The project description is simple: add support of multicore parallel and GPU computations to uBlas ! The realization is not straightforward though. Boost.uBlas is CPU only. If the compilers is able to vectorize, uBlas can take benefit of it. Here we want to extend Boost to the support of parallel architecture and GPU computations to enable it to do big data or deep learning computations.
The student will have to first understand how ublas works and how it generates and optimizes code with the expression template mechanism and then start adding options to enable the use of Boost.Compute. Test will be done on multicore systems and graphics card or computers which support Boost.Compute (through OpenCL for example).

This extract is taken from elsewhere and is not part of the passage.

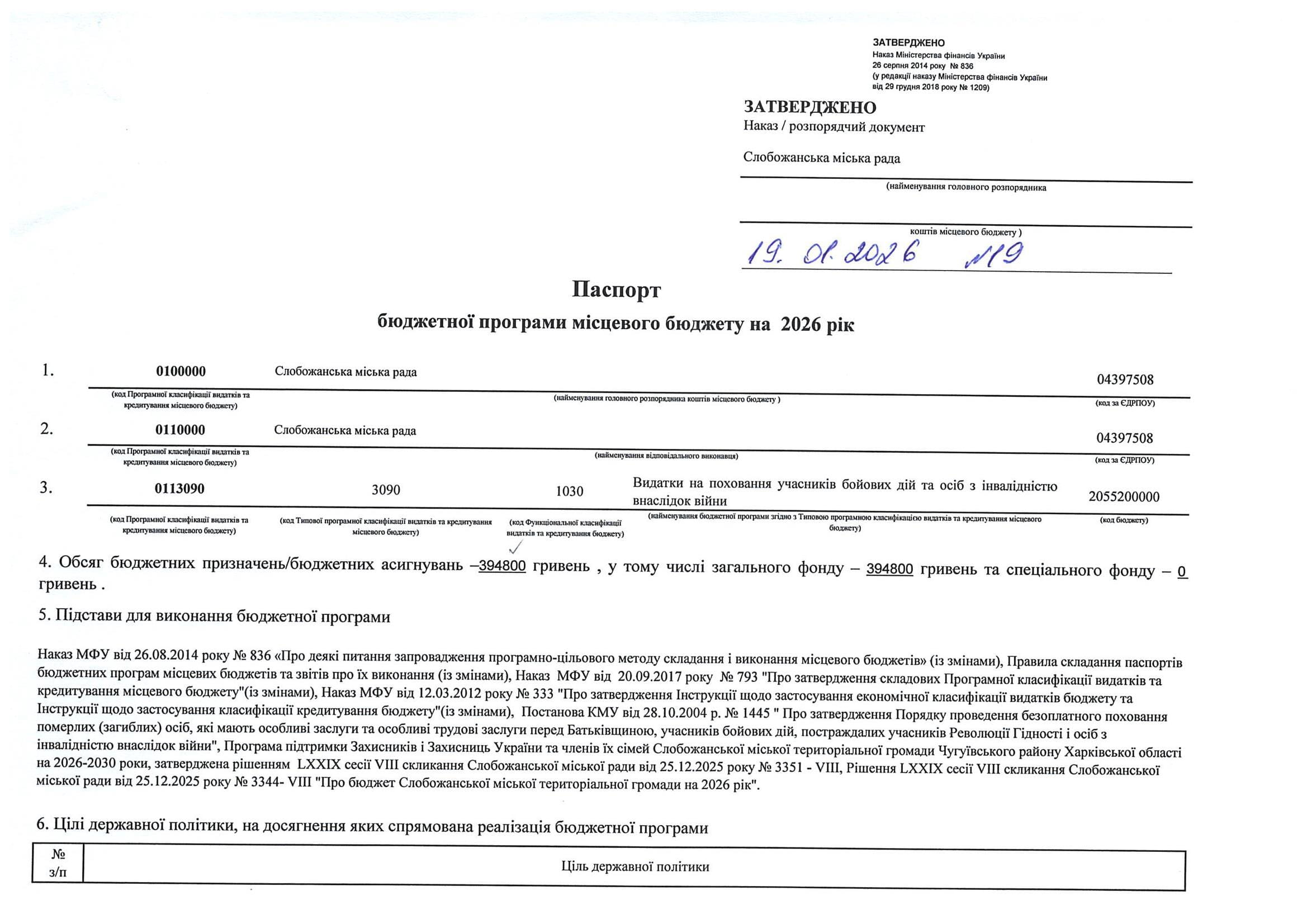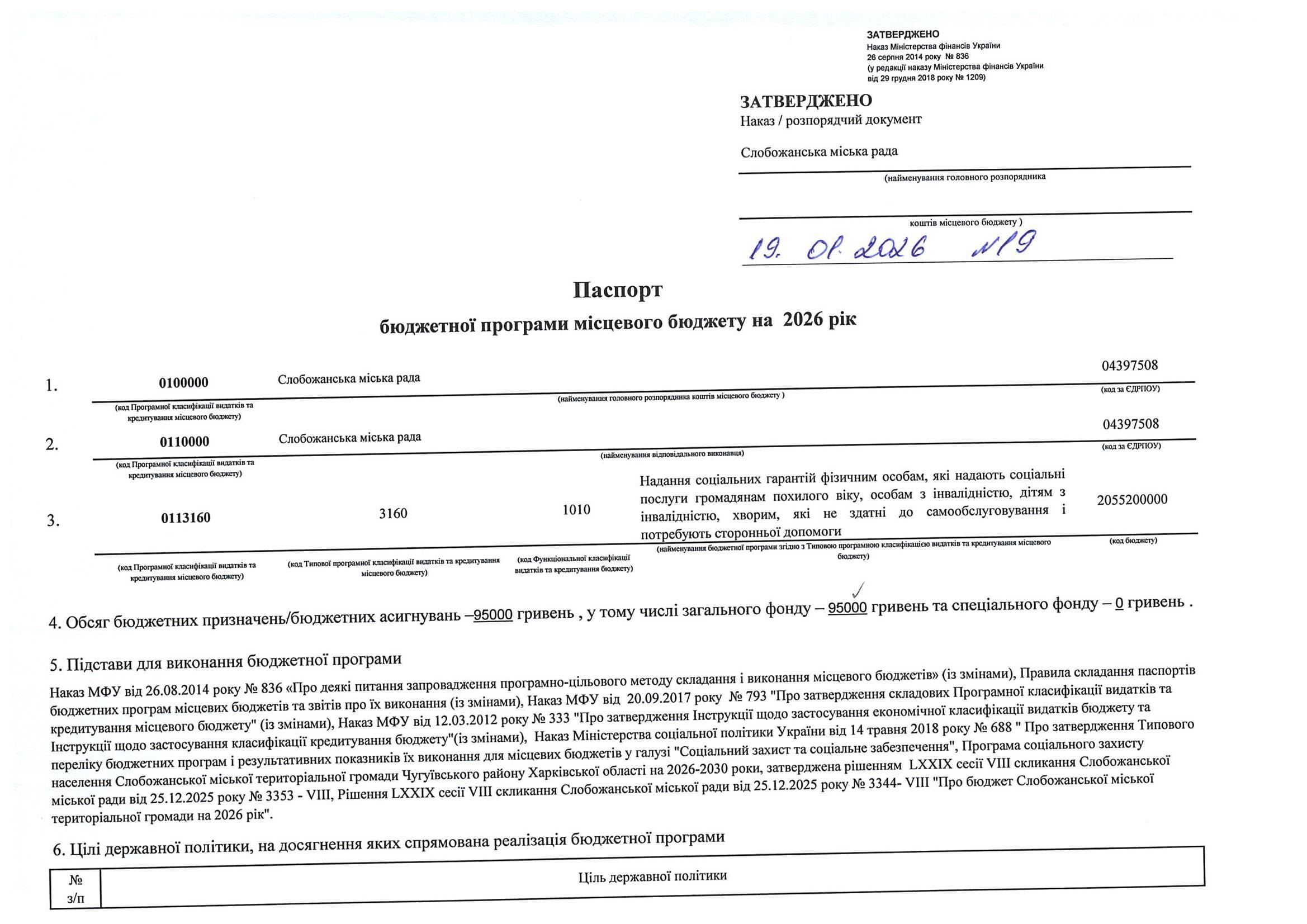 Паспорт бюджетної програми місцевого бюджету ТПКВКМБ 0113160

We expect to see the basic matrix operations to be implemented like this. The code will have to be thoroughly documented and a tutorial document provided. We prefer quality of the implementation to exhaustivity.
Here's a link to the accepted proposal (it has the milestones too)
to sum it up the proposal was to add functions that does the matrix operations on any device that supports opencl and add mechanism for if the user wants to keep matrices on them to do further computations on the device.. but then during the project I finished that and extended the project to include vectors, their operations and matrix-vector operations.
This documentation describes in details:
- Why should I use the project additions?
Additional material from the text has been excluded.